### Extracted material
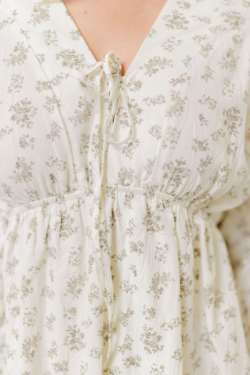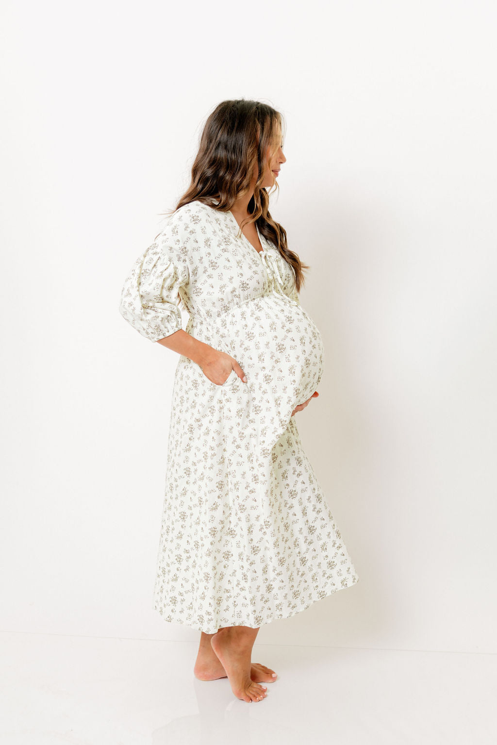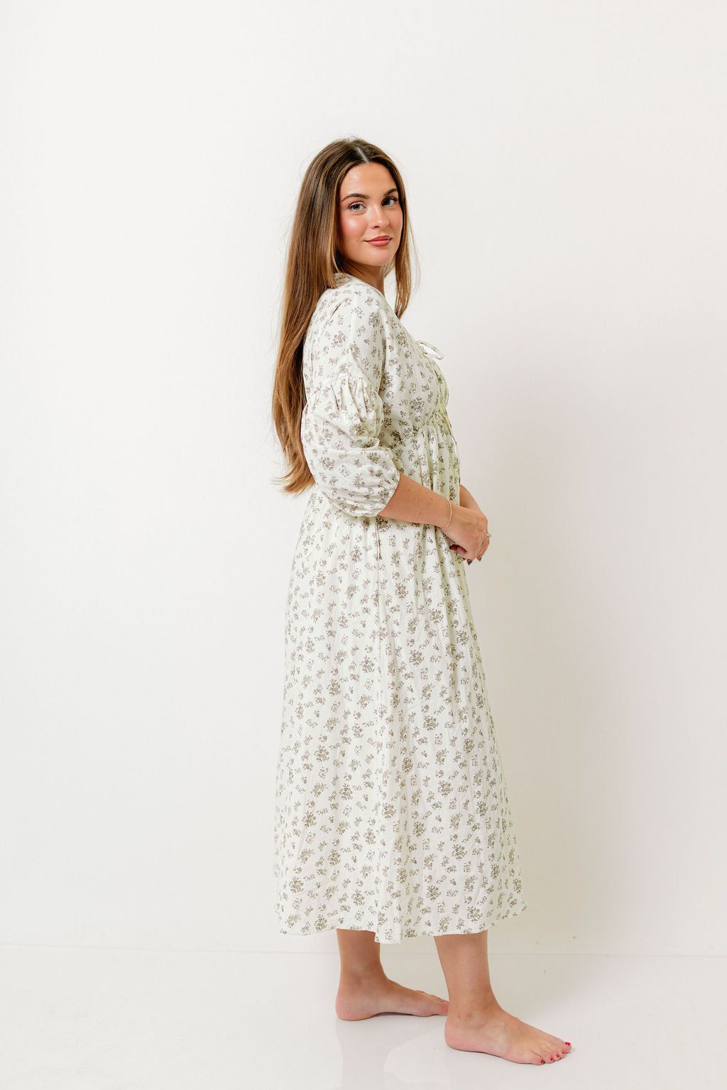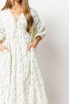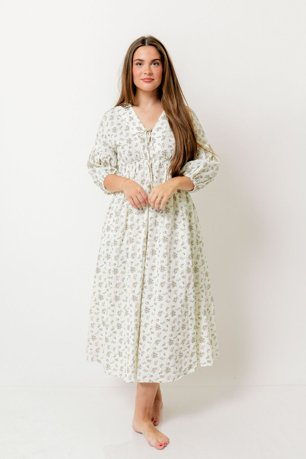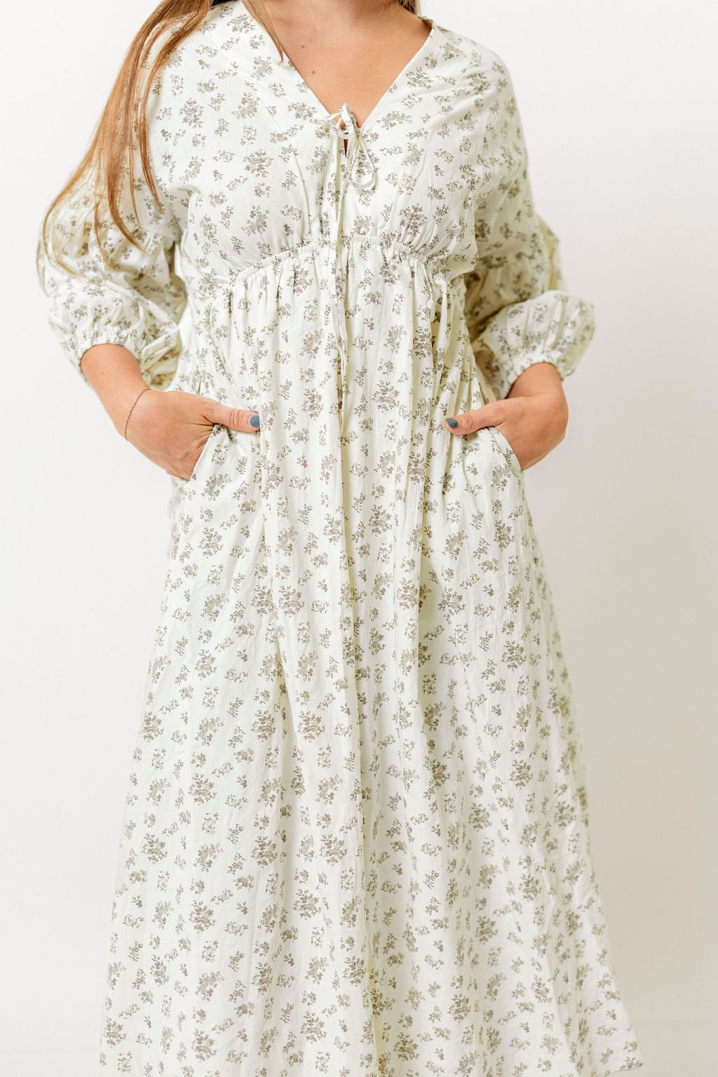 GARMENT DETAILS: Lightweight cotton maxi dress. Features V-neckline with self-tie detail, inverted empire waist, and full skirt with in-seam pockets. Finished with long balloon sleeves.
---
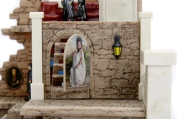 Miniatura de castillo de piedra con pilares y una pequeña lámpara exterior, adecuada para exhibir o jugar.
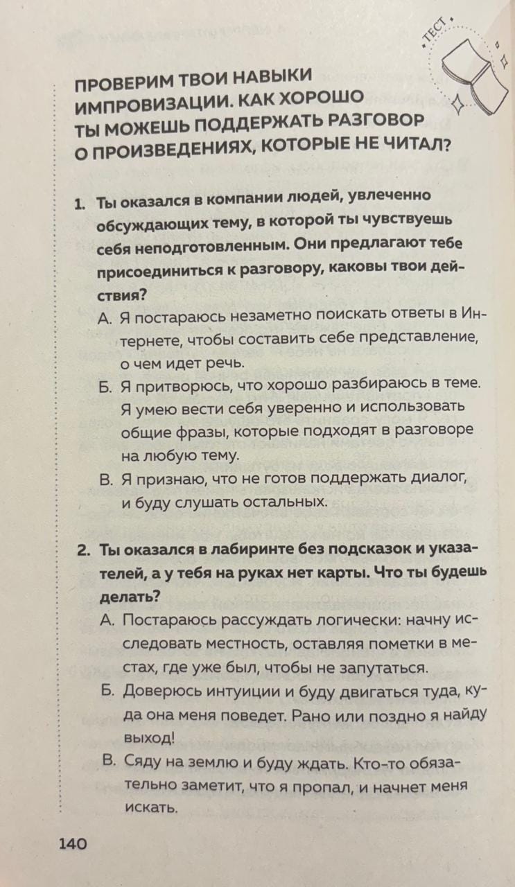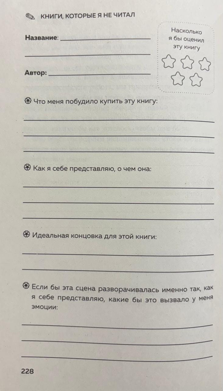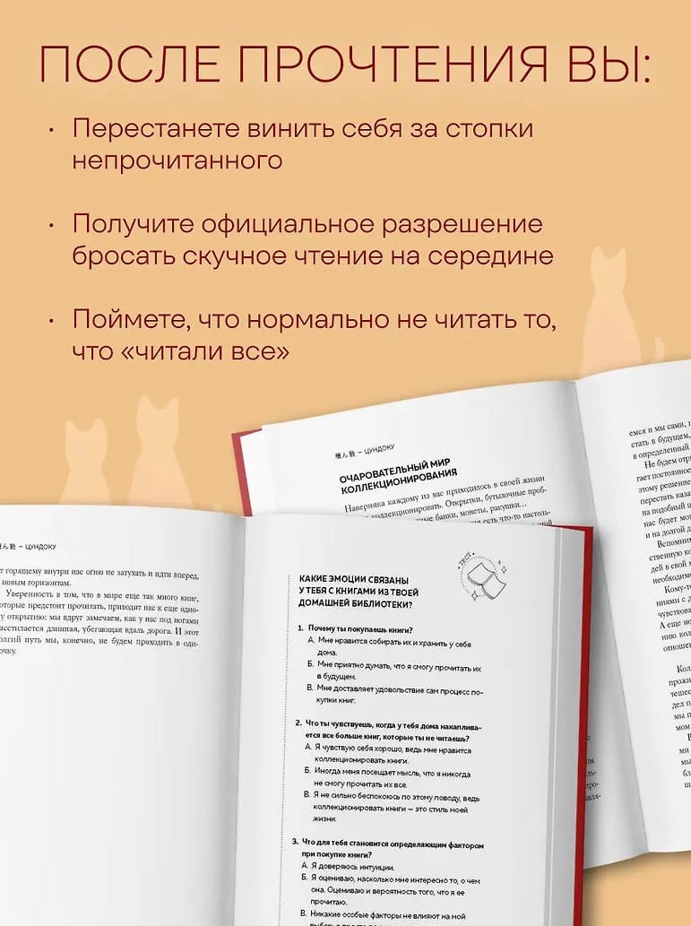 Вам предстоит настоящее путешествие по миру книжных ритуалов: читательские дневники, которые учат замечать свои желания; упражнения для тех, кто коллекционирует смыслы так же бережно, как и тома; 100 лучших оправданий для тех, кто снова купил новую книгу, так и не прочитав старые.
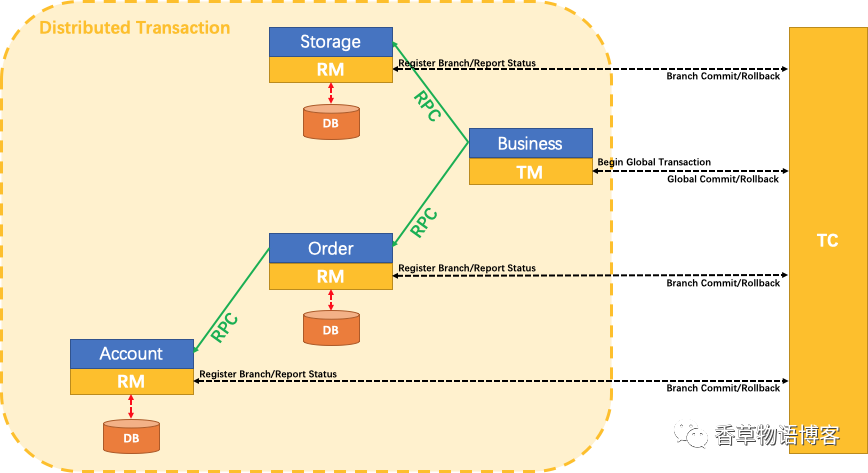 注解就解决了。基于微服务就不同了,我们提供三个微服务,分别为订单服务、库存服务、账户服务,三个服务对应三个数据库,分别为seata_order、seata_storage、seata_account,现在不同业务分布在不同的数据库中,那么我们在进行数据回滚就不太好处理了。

### Exercise
Only one part of the material above is wanted: the lines from the one with "Miniatura de castillo" up to and including the one with "Вам предстоит настоящее". Please copy them exactly, pictures left out.

### Response box
 Miniatura de castillo de piedra con pilares y una pequeña lámpara exterior, adecuada para exhibir o jugar.
 Вам предстоит настоящее путешествие по миру книжных ритуалов: читательские дневники, которые учат замечать свои желания; упражнения для тех, кто коллекционирует смыслы так же бережно, как и тома; 100 лучших оправданий для тех, кто снова купил новую книгу, так и не прочитав старые.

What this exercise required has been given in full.